=== Begin Enclosure ===

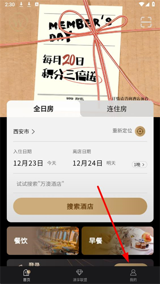 1、在万澳会app的首页界面中,点击底部我的选项,进入个人相关操作页面。
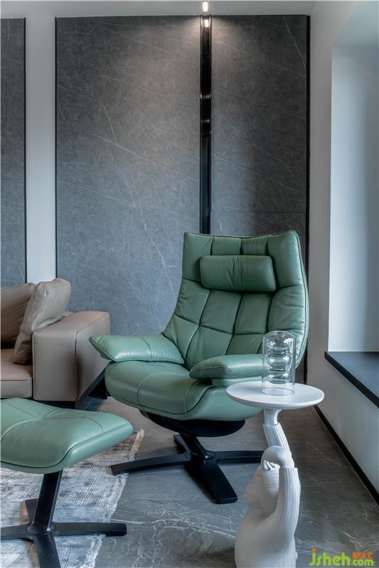 客廳沙發(fā)背景墻采用大理石搭配白色飾面板,和電視背景墻的大理石相呼應(yīng),簡(jiǎn)單干凈的線條劃分空間區(qū)域,不僅增加了客廳的美觀性和實(shí)用性,還將大平層空間大、視野佳的優(yōu)勢(shì)發(fā)揮到極致。
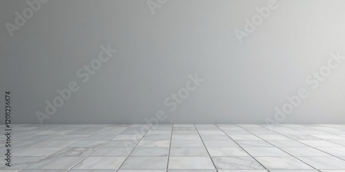 Fototapeta premium Empty Room with Neutral Gray Wall and Tiled Floor Ideal for Product Placement...
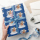 Homem de pão de Natal a mergulhar no leite num fundo azul. A cor de fundo pode ser alterada.
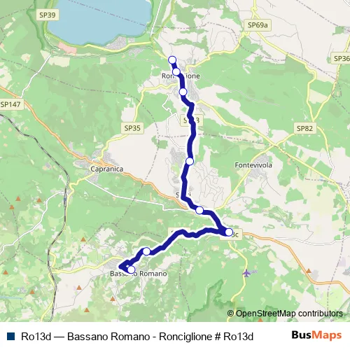 The first stop of the Ro13d bus route is Bassano R. | Via Stazione Via 24 Maggio # f2604 and the last stop is Ronciglione | Via Cimina Via Cartiere # f2513. Ro13d (Bassano Romano - Ronciglione # Ro13d) is operational during tutti i giorni.
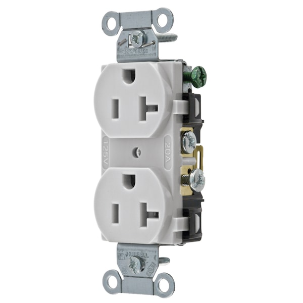 Hubbell Wiring Device Kellems, Straight Blade Devices, Receptacles,Duplex, Commercial Grade, 2-Pole 3-Wire Grounding, 20A 125V, 5-20R,Office White, Single Pac k
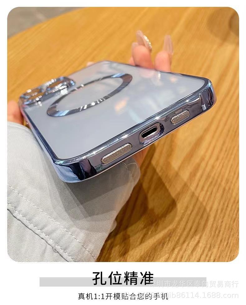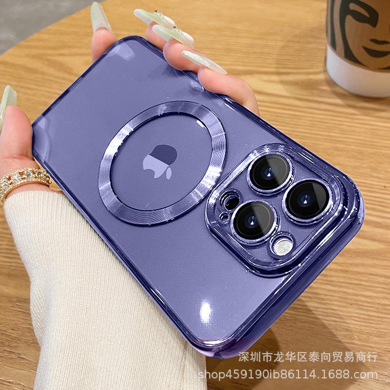Transparent-dark purple [magsafe magnetic suction shell, silicone men and women, airbag drop-resistant, transparent soft shell]]
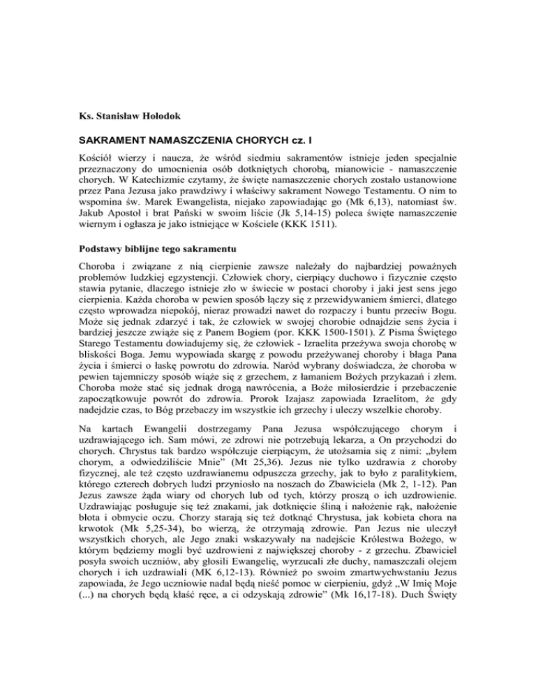 Ks. Stanisław Hołodok SAKRAMENT NAMASZCZENIA CHORYCH cz. I Kościół wierzy i naucza, że wśród siedmiu sakramentów istnieje jeden specjalnie przeznaczony do umocnienia osób dotkniętych chorobą, mianowicie - namaszczenie chorych. W Katechizmie czytamy, że święte namaszczenie chorych zostało ustanowione przez Pana Jezusa jako prawdziwy i właściwy sakrament Nowego Testamentu. O nim to wspomina św. Marek Ewangelista, niejako zapowiadając go (Mk 6,13), natomiast św. Jakub Apostoł i brat Pański w swoim liście (Jk 5,14-15) poleca święte namaszczenie wiernym i ogłasza je jako istniejące w Kościele (KKK 1511). Podstawy biblijne tego sakramentu Choroba i związane z nią cierpienie zawsze należały do najbardziej poważnych problemów ludzkiej egzystencji. Człowiek chory, cierpiący duchowo i fizycznie często stawia pytanie, dlaczego istnieje zło w świecie w postaci choroby i jaki jest sens jego cierpienia. Każda choroba w pewien sposób łączy się z przewidywaniem śmierci, dlatego często wprowadza niepokój, nieraz prowadzi nawet do rozpaczy i buntu przeciw Bogu. Może się jednak zdarzyć i tak, że człowiek w swojej chorobie odnajdzie sens życia i bardziej jeszcze zwiąże się z Panem Bogiem (por. KKK 1500-1501). Z Pisma Świętego Starego Testamentu dowiadujemy się, że człowiek - Izraelita przeżywa swoja chorobę w bliskości Boga. Jemu wypowiada skargę z powodu przeżywanej choroby i błaga Pana życia i śmierci o łaskę powrotu do zdrowia. Naród wybrany doświadcza, że choroba w pewien tajemniczy sposób wiąże się z grzechem, z łamaniem Bożych przykazań i złem. Choroba może stać się jednak drogą nawrócenia, a Boże miłosierdzie i przebaczenie zapoczątkowuje powrót do zdrowia. Prorok Izajasz zapowiada Izraelitom, że gdy nadejdzie czas, to Bóg przebaczy im wszystkie ich grzechy i uleczy wszelkie choroby. Na kartach Ewangelii dostrzegamy Pana Jezusa współczującego chorym i uzdrawiającego ich. Sam mówi, ze zdrowi nie potrzebują lekarza, a On przychodzi do chorych. Chrystus tak bardzo współczuje cierpiącym, że utożsamia się z nimi: „byłem chorym, a odwiedziliście Mnie” (Mt 25,36). Jezus nie tylko uzdrawia z choroby fizycznej, ale też często uzdrawianemu odpuszcza grzechy, jak to było z paralitykiem, którego czterech dobrych ludzi przyniosło na noszach do Zbawiciela (Mk 2, 1-12). Pan Jezus zawsze żąda wiary od chorych lub od tych, którzy proszą o ich uzdrowienie. Uzdrawiając posługuje się też znakami, jak dotknięcie śliną i nałożenie rąk, nałożenie błota i obmycie oczu. Chorzy starają się też dotknąć Chrystusa, jak kobieta chora na krwotok (Mk 5,25-34), bo wierzą, że otrzymają zdrowie. Pan Jezus nie uleczył wszystkich chorych, ale Jego znaki wskazywały na nadejście Królestwa Bożego, w którym będziemy mogli być uzdrowieni z największej choroby - z grzechu. Zbawiciel posyła swoich uczniów, aby głosili Ewangelię, wyrzucali złe duchy, namaszczali olejem chorych i ich uzdrawiali (MK 6,12-13). Również po swoim zmartwychwstaniu Jezus zapowiada, że Jego uczniowie nadal będą nieść pomoc w cierpieniu, gdyż „W Imię Moje (...) na chorych będą kłaść ręce, a ci odzyskają zdrowie” (Mk 16,17-18). Duch Święty udziela niektórym chrześcijanom daru uzdrawiania. Tak czyni np. św. Piotr uzdrawiając w imię Jezusa zmartwychwstałego chromego człowieka (Dz 3,1-10). Św. Jakub, jak już wspomnieliśmy, dokładnie opisuje, co należy czynić przy sprawowaniu sakramentu namaszczenia. Kapłani we wspólnocie wierzących powinni modlić się nad chorym, kłaść na niego ręce i namaszczać. Może on wówczas otrzymać odpuszczenie grzechów i laskę powrotu do zdrowia (por. KKK 1502-1508). Z dziejów praktyki sakramentu namaszczenia chorych W pierwszych wiekach rzadko mówi się o sakramentalnym namaszczeniu chorych, nie odróżniając go często od prywatnego namaszczania w domu traktowanego jako sakramentale. Dlaczego tak było? Otóż namaszczenie łączy się z odpuszczeniem grzechów (por. Sobór Trydencki, 14 sesja). Nie potrzebowali więc męczennicy i chrześcijanie nie potrzebujący publicznej pokuty. Nie dopuszczano do tego sakramentu chrześcijan pokutujących do końca życia lub znów upadłych w grzechy ciężkie ( w niektórych regionach Kościoła pokuta za ciężkie grzechy nie mogła być powtarzana). Wykluczeni byli od tego sakramentu katechumeni, a przyjmujący chrzest na łożu śmierci nie potrzebowali go. Sakrament chorych nie miał charakteru publicznego, jak np. chrzest, gdyż udzielano go prywatnie, w domu. Wyraźne świadectwo o praktyce sakramentu namaszczenia chorych daje papież Innocenty I (+ 417), mówiąc, że udzielają go biskupi i kapłani. Odmawia jednak tego sakramentu publicznym pokutnikom, dopóki nie odprawią nałożonej na nich pokuty. Wierni mogą nadal namaszczać się w chorobie poświęconym olejem, ale jest to tylko sakramentale. Św. Cezary (+ 543), biskup z Arles w Galii, wspomina, że kapłani udzielali tego sakramentu chorym. Dzieci przychodziły w Wielką Sobotę do katedry z wiaderkami po poświęcony olej do prywatnego namaszczania w domu. Brały też wtedy święconą wodę. Od IV wieku odkładano pokutę na godzinę śmierci, więc podobnie też traktowano sakrament chorych. Zasadnicze zmiany nastąpiły w dziejach namaszczenia od wieku VIII. Mianowicie ustała praktyka pokuty publicznej, a pokuta tzw. prywatna (jak dzisiaj) nie pozbawiała prawa do sakramentu chorych. Od tego czasu spowiedź, namaszczenie chorych i Komunia św. staje się normalną praktyką zaopatrzenia ciężko chorych i umierających. Synody z wieku VIII i IX, a nawet rozporządzenia władców świeckich nakazywały kapłanom zabierania ze sobą Eucharystii i oleju chorych, aby podczas wizytowania parafian można było przyjść z pomocą chorym. Wzrósł też szacunek do tego sakramentu, w rezultacie czego zakazano wiernym posługiwać się świ
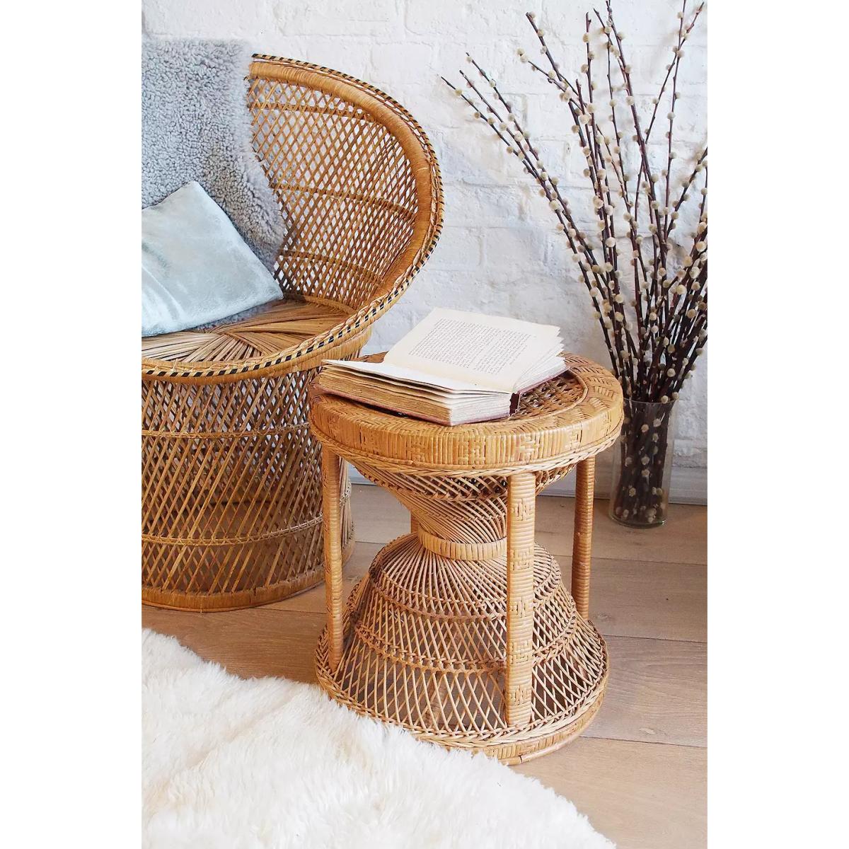 Original vintage stool with a cane and rattan construction. Features a circular shape with a twisted base and cane frame, finished with a rattan interior. *Please note: This item is not eligible for Next Day Delivery. For any large furniture, delivery can take between 1-2 weeks and we cannot deliver this outside of UK mainland. All Urban Renewal Vintage homeware is non-returnable. * **About Urban Renewal Vintage** \- One-of-a-kind pieces sourced by the vintage furniture experts at Originall Creations \- Authentic, pre-loved vintage pieces which are sold as seen and therefore may show signs of wear and tear \- This item will be dispatched by the vendor and may take longer to process than other items in your order **Content + Care** \- Cane, Rattan \- Wipe clean \- Some signs of age-related wear and tear **Size** \- 43cm x 39cm x 39cm
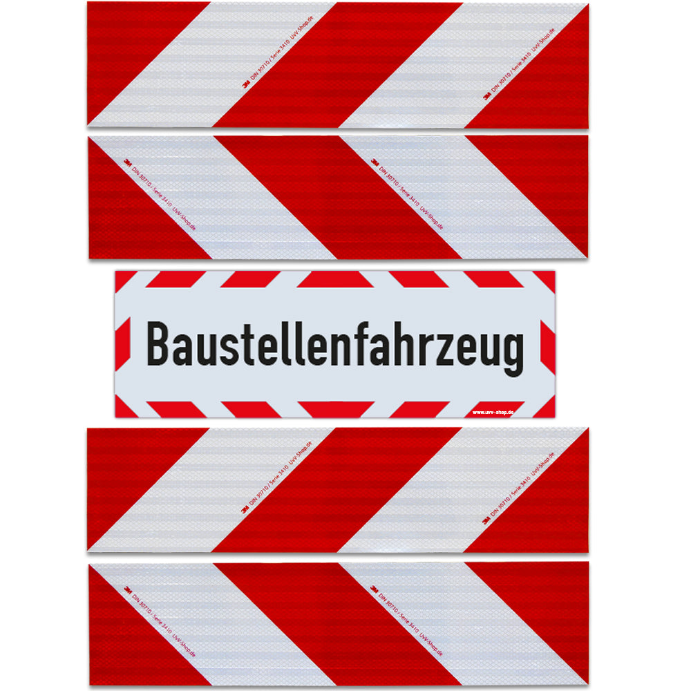 UvV Kfz Reflektierendes Zusatzschild Baustellenfahrzeug - Aufkleber 30x10 Cm RA1 Reflexfolie

=== End Enclosure ===

* [Required action]
Include the first line of the records, the line containing "Hubbell Wiring Device", and every line between them, repeated exactly. Skip the pictures.

* [Answer space]
 1、在万澳会app的首页界面中,点击底部我的选项,进入个人相关操作页面。
 客廳沙發(fā)背景墻采用大理石搭配白色飾面板,和電視背景墻的大理石相呼應(yīng),簡(jiǎn)單干凈的線條劃分空間區(qū)域,不僅增加了客廳的美觀性和實(shí)用性,還將大平層空間大、視野佳的優(yōu)勢(shì)發(fā)揮到極致。
 Fototapeta premium Empty Room with Neutral Gray Wall and Tiled Floor Ideal for Product Placement...
 Homem de pão de Natal a mergulhar no leite num fundo azul. A cor de fundo pode ser alterada.
 The first stop of the Ro13d bus route is Bassano R. | Via Stazione Via 24 Maggio # f2604 and the last stop is Ronciglione | Via Cimina Via Cartiere # f2513. Ro13d (Bassano Romano - Ronciglione # Ro13d) is operational during tutti i giorni.
 Hubbell Wiring Device Kellems, Straight Blade Devices, Receptacles,Duplex, Commercial Grade, 2-Pole 3-Wire Grounding, 20A 125V, 5-20R,Office White, Single Pac k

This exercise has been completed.